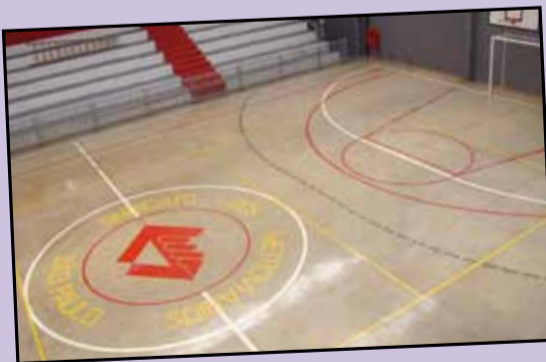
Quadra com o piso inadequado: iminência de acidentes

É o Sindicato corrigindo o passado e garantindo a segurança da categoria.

* * *

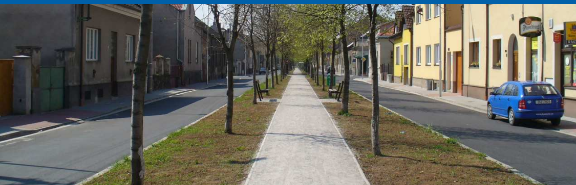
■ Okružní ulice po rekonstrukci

PROBLEM TO SOLVE »
Beginning at the line with "Quadra com o" and ending at the line with "É o Sindicato", reproduce each line of the data above exactly, and add no other lines.

EXERCISE SOLUTION »
Quadra com o piso inadequado: iminência de acidentes

É o Sindicato corrigindo o passado e garantindo a segurança da categoria.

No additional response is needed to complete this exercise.